What about using tools such as ory/kratos or keratin/authn-server, so a powerful user management is shipped in no time and listmonk only has to build the bridge ?

I am not suggesting something like an external auth service, but really a full featured user management system embed into listmonk.

And if one wants to extend this, building multi tenancy would simply mean, spinning another listmonk but still having user management in a single place ?

[charlesmudy]

+1 to this ... infact, it might solve #499 ... its almost unusable now since every email is unique. Quite limiting.

[knadh]

What about using tools such as ory/kratos or keratin/authn-server, so a powerful user management is shipped in no time and listmonk only has to build the bridge ?

These are full fledged, standalone auth servers, programs bigger than listmonk even. Embedding them into listmonk may not be ideal. I'll take a closer look at them though. The auth system will have oAuth support to plugin external providers.

But, multi-user scopes and views vs. multi-tenancy are two different beasts. Multi-tenancy is not on the roadmap.

+1 to this ... infact, it might solve #499 ... its almost unusable now since every email is unique. Quite limiting.

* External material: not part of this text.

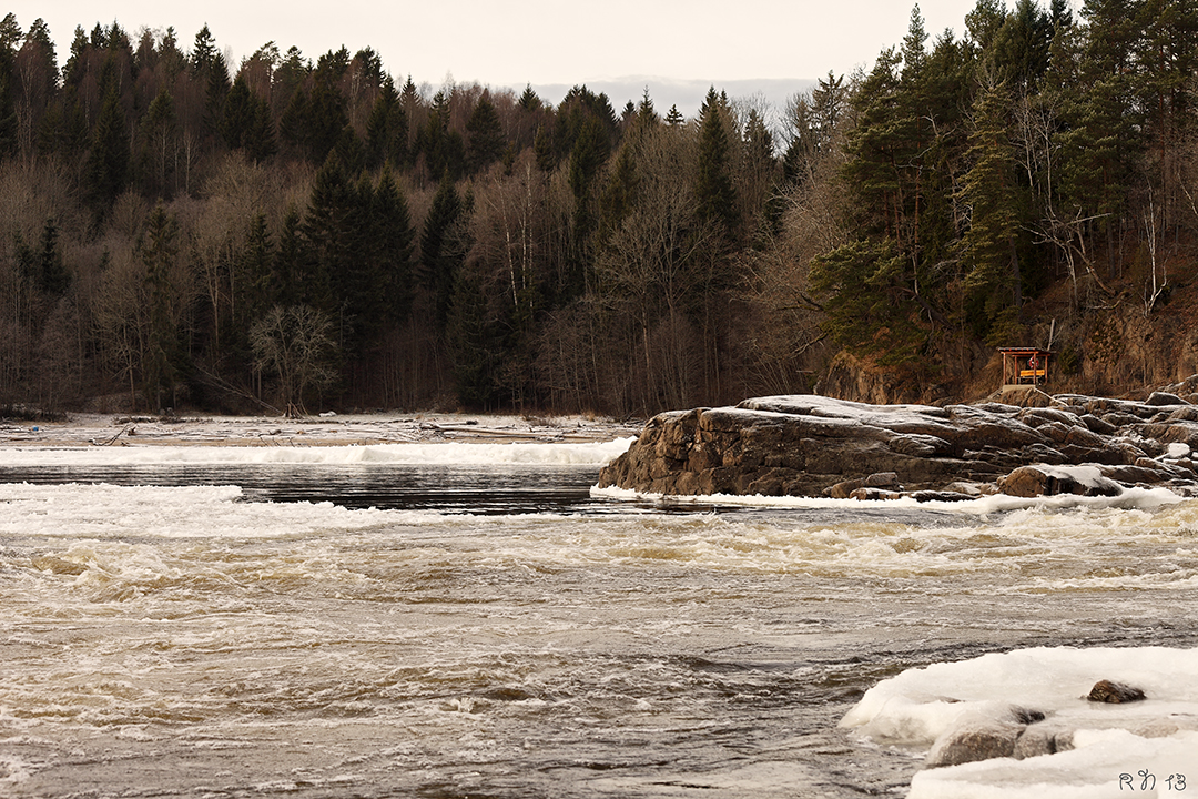 …i Holmsfoss. det skarpe lågadraget merkes godt i ansiktet, laksefisket er slutt og i mellomtida, fram til sportsfiskerne begynner å gjøre seg klare for en forhåpentligvis fin fiskesesong, lager fossen en fin og kald vinterstemning.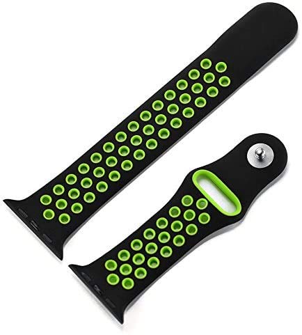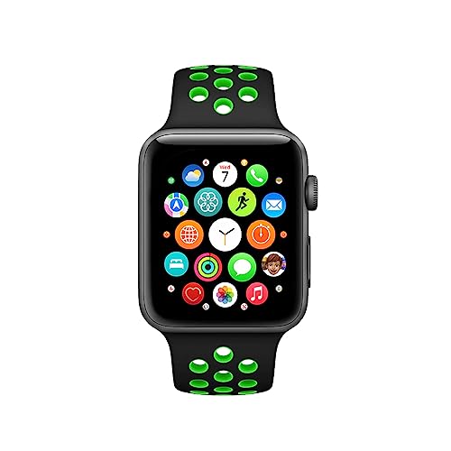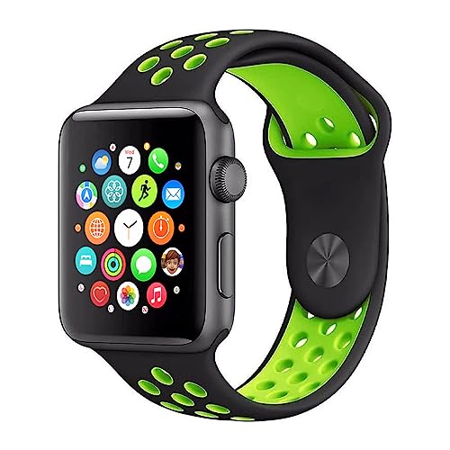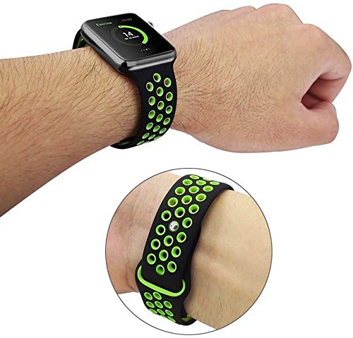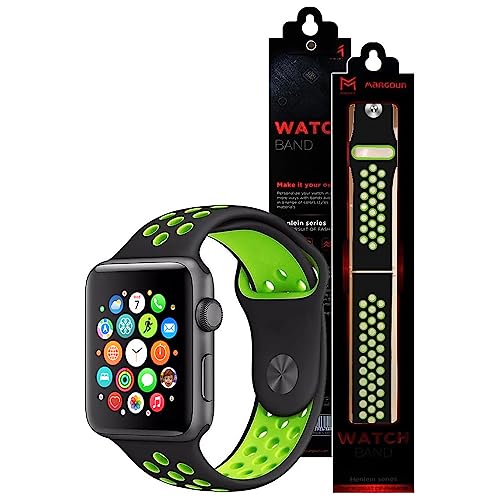 MARGOUN - سوار رياضي سيليكون بديل وناعم لساعة آبل اي ووتش الترا 8/7/ SE/ 6/ 5/ 4/ 3/ 2/ 1 ونايكي وسبورت وايديشن مقاس 45 و44 و42 و49 ملم من مارجون (لون أسود وأخضر)

This is unrelated. Subscribers (and by extension, their primary ID, e-mails) being globally unique first-class citizens won't change.

[RKVodde]

Multi User Support is a much needed feature which boosts the usage of a wonderful platform like "listmonk" in an organizational setting.

[bryceprutsos]

I agree that multi-user support would be a great enhancement. However, like the developer said it's tricky because of which user has access to what. Just pointing out that if multi-user support is a thing LDAP or SSO (SAML, CAS, OpenID) should be supported.

[NicoHood]

For me it would be great to have a minimal multi user mode: Just have multiple logins, all with the same access. The reason why this is important, because you can withdraw permissions of the user (aka delete or block a user), when someone leaves the team. We also then do not need to share passwords (this is so bad) and can use multiple accounts and do password reset via email oink. As a first step, this would help to get feedback and set the start for multiple logins.

[knadh]

+1 @NicoHood. There should be a simple native permission based multi-user system. Once that's in place, plugging in OAuth, LDAP should be straight forward.

[RKVodde]

Any progress on the multi user support.

[knadh]

@RKVodde nothing yet, unfortunately. I was looking at this again last week and came across this new lib: https://github.com/go-pkgz/auth

Haven't had a chance to look at it up close yet.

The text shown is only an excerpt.